As the Malayan Communist Party emerged from the undergrowth in which it had hidden so long, it embedded itself in this urban landscape. In most towns an MPAJA ‘Anti-Japanese Union’ office became the nucleus of a cluster of communist-led organizations. Its fighters, many of whom were now unemployed, moved into the informal economy. After its first triumphs through the streets, the MPAJA adopted the Worlds as a platform for its work; the cabarets in the daytime became used for political ‘tea parties’ and even schools and crèches. In the evening they staged fund-raising events with ‘glory tickets’ for workers at $1 or de luxe ‘emancipation tickets’ for businessmen at $100.74 Theatre groups such as the Mayfair Musical and Drama Society, which had around 300 members, raised awareness of the communist cause in China and elsewhere. The Worlds were sites for many of the great rallies and commemorations that marked the first weeks of peace. It began on 2 October, with the birthday of Mahatma Gandhi. In Singapore Indian soldiers fraternized with a crowd some 7,000 strong. The slogans were Long Live the Independence of India! Long live Mr Gandhi! Long live the Communists in India! Long Live the Malayan Communist Party!75 A week later, the national day of China – the ‘Double Tenth’ – was celebrated for the first time in four years in Singapore, by a procession five miles long led by the communists and Kuomintang, sometimes in unison but increasingly separately. In Penang there was a grand parade, with bands and lion dances, but also three minutes’ silence for the war dead: the day was also the first anniversary of some of the most brutal Kempeitai arrests and tortures. Afterwards, 20,000 copies of the ‘Eight Principles’ of the Malayan Communist Party were distributed.76 A few days later, the Russian revolution was celebrated by the arrival of the 8th Regiment of the MPAJA in Wembley amusement park in George Town, and there were events and film shows elsewhere. In the months that followed, appalled by the anarchy on the streets, the British would attempt to seize back urban space; they rounded up hawkers and prohibited processions, but as they cleared the streets the revolution continued in the Worlds.

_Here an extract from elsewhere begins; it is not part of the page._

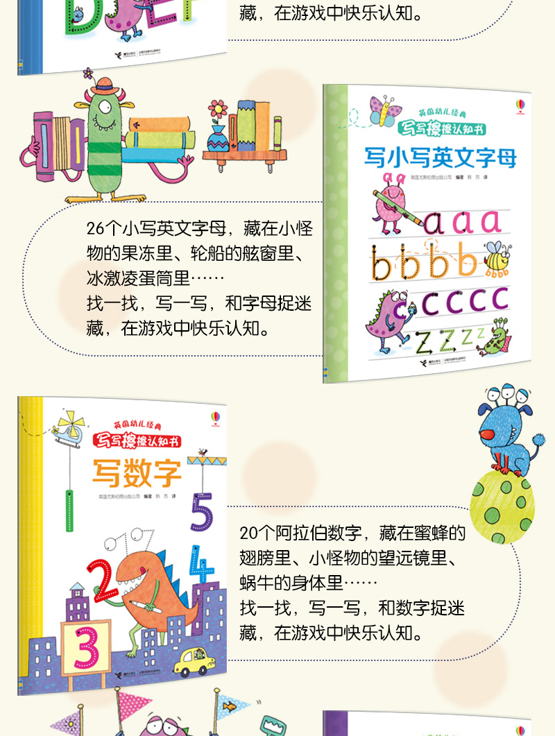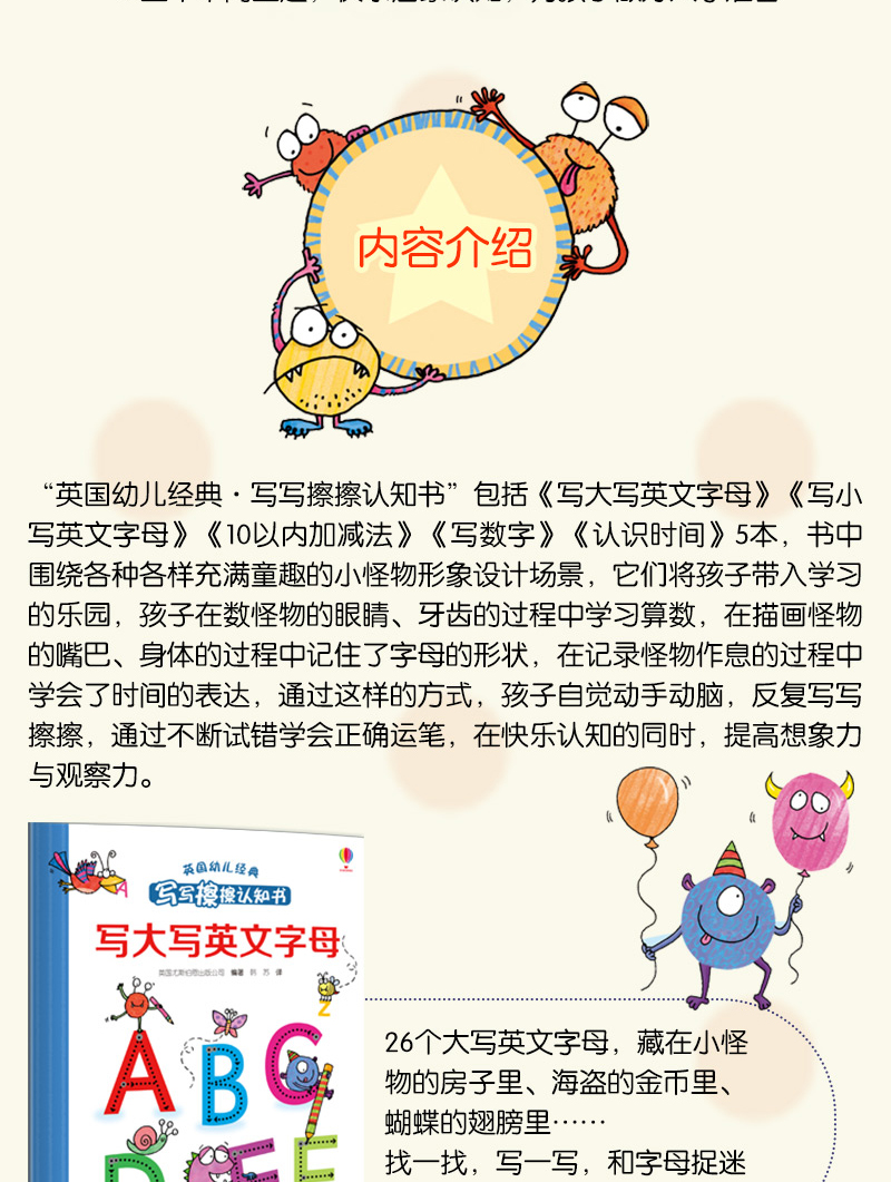 “英国幼儿经典 写写擦擦认知书”包括《写大写英文字母》《写小写英文字母》《10以内加减法》《写数字》《认识时间》5 本,书中围绕各种各样充满童趣的小怪物形象设计场景,它们将孩子带入学习的乐园,孩子在数怪物的眼睛、牙齿的过程中学习算数,在描画怪物的嘴巴、身体的过程中记住了字母的形状,在记录怪物作息的过程中学会了时间的表达,通过这样的方式,孩子自觉动手动脑,反复写写擦擦,通过不断试错学会正确运笔,在快乐认知的同时,提高想象力与观察力。

With Lai Teck’s decision not to oppose the British by force of arms, the MCP embarked on the ‘democratic’ path to power. For the first time it began to acquire a public personality. In Singapore the chosen voice of the MCP was Wu Tian Wang, a Party organizer from Ipoh. To the British he stood apart because of his fluency in English; Victor Purcell described him as ‘an elegant young communist intellectual with eyes gazing into utopian space’. His ease in colonial circles would earn him the resentment of his comrades upcountry. The other ‘open’ representative, Lee Kiu, had been a propagandist for the MPAJA during the war: ‘a young Chinese coolie girl of 26 with a neo-Jacobin toilette’, recorded Purcell, somewhat perplexed, but ‘energetic, indomitable’.77 Wu Tian Wang and Lee Kiu put Britain’s ‘democratic’ policy on trial by repeatedly testing the extent of recognition the British were prepared to give the MCP. Lee Kiu outmanoeuvred the churches and charities to bring a substantial part of the relief work of the BMA in Singapore under the aegis of the MPAJA; by late September eight of its eighteen relief centres were run by the resistance organization, and the British officer who worked most closely with her praised her highly.78 These were some of the first direct encounters between senior colonial mandarins and the new Asian revolution. These autodidactic young Marxists were at a long remove from the new ‘Malayan’ leadership that men like Purcell were hoping to promote, and so too was their vision of democracy.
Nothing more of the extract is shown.